Final answer:
The student's question is about finding the conditional probability P(0≤X≤4/11∧Y=4/5) for a point in a unit disk. The conditional nature of the probability reduces the problem to a simple uniform distribution between -1 and 1 for the X-coordinate given a fixed Y-coordinate of 4/5. The answer is obtained by considering the proportion of the specified range of X within the possible range given Y=4/5, resulting in a probability of 4/11.
Step-by-step explanation:
The student is asking for the conditional probability P(0≤X≤4/11∧Y=4/5) given a random point (X, Y) from a unit disk centered at the origin. To find this probability, we need to consider the fact that the value of Y is given as 4/5, which restricts the possible X-values within the unit disk. Based on the unit disk's radius, we know that the maximum and minimum values of X are 1 and -1, respectively. Hence, finding the probability that 0≤X≤4/11 is actually the same as finding the proportion of the length on the x-axis that lies between 0 and 4/11 given the fixed Y value of 4/5 within the disk.

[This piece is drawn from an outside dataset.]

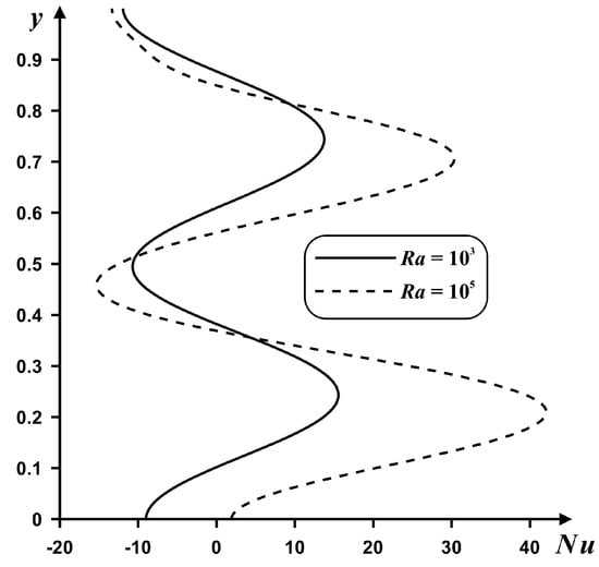 Figure 6 shows profiles of local Nusselt number along the left vertical wall for different values of the Rayleigh number. Regardless of the Rayleigh number value, two local maxima of Nu are along the wall in the heated zones. An increase in Ra leads to significant growth of Nu in these heated zones. At the same time, location of maxima goes weakly along the negative y-coordinate. It should be noted, that bottom local maximum is a global maximum due to an interaction of hot flow from the left heated zone and cold flow from the right cooled wall.
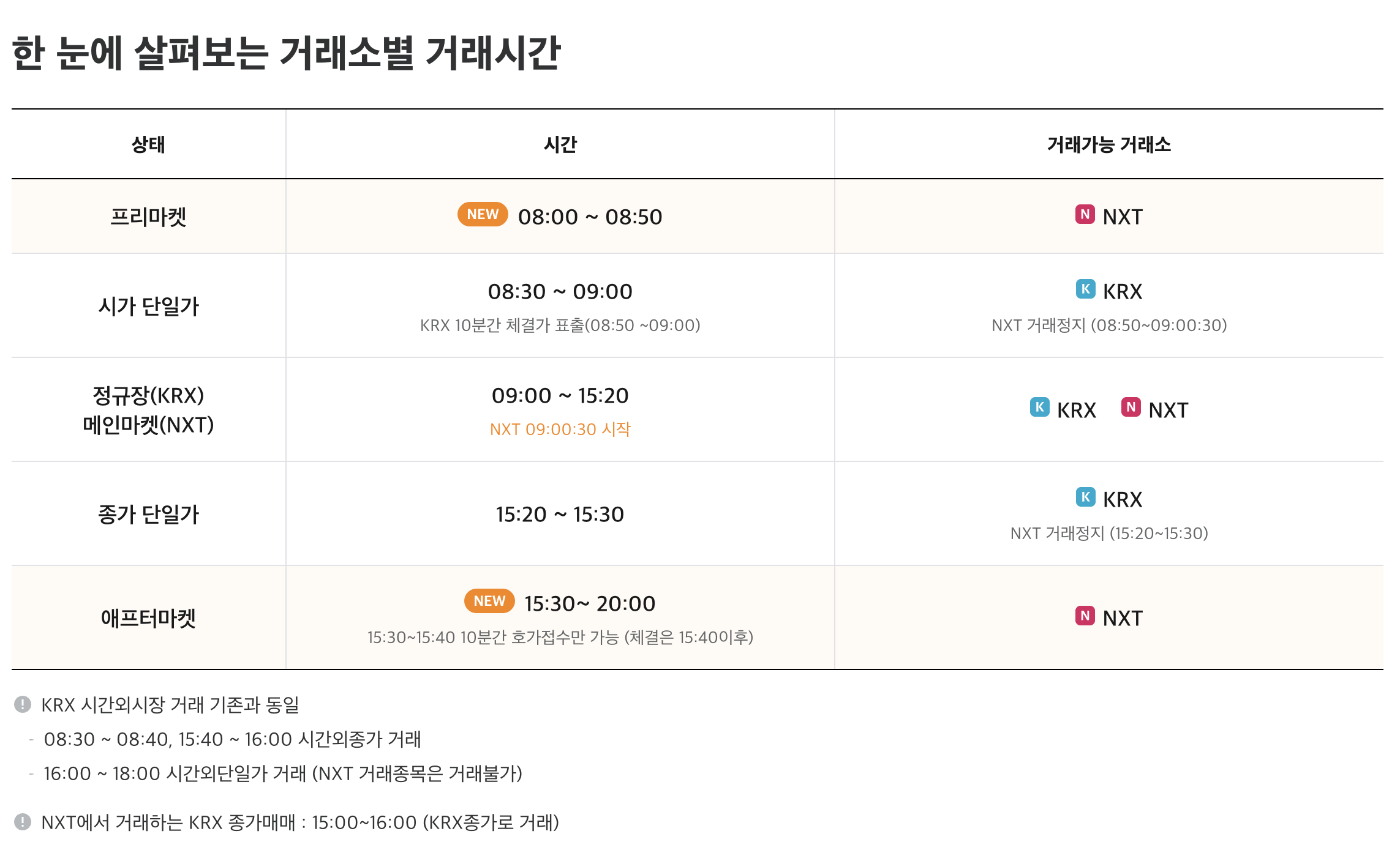- 주문 가능 시간 : 정규장 오전 9시 ~ 오후 3시 30분 (이후 KRX를 통한 거래 불가)

Since the disk's radius is 1, and the fixed Y value is 4/5, by the Pythagorean theorem we can find the maximum X value that lies on the disk at this Y value, which would be the square root of (1 - (4/5)^2). However, as the maximum X value that the student is interested in is 4/11, which is less than 1, we do not need this calculation. The region of interest is a fraction of the disk's X-values at Y=4/5, and since the disk is symmetric about the X-axis, this is simply the X value range of interest (4/11) divided by the total possible range of X given Y=4/5. This results in a probability of 4/11, because for a fixed Y in a unit circle, the X values are uniformly distributed between the negative and positive square roots calculated above, and thus the length of 4/11 is merely a proportion of the total length.
The task involves basic knowledge of uniform distribution and conditional probability, as well as geometric interpretation within the context of a unit disk.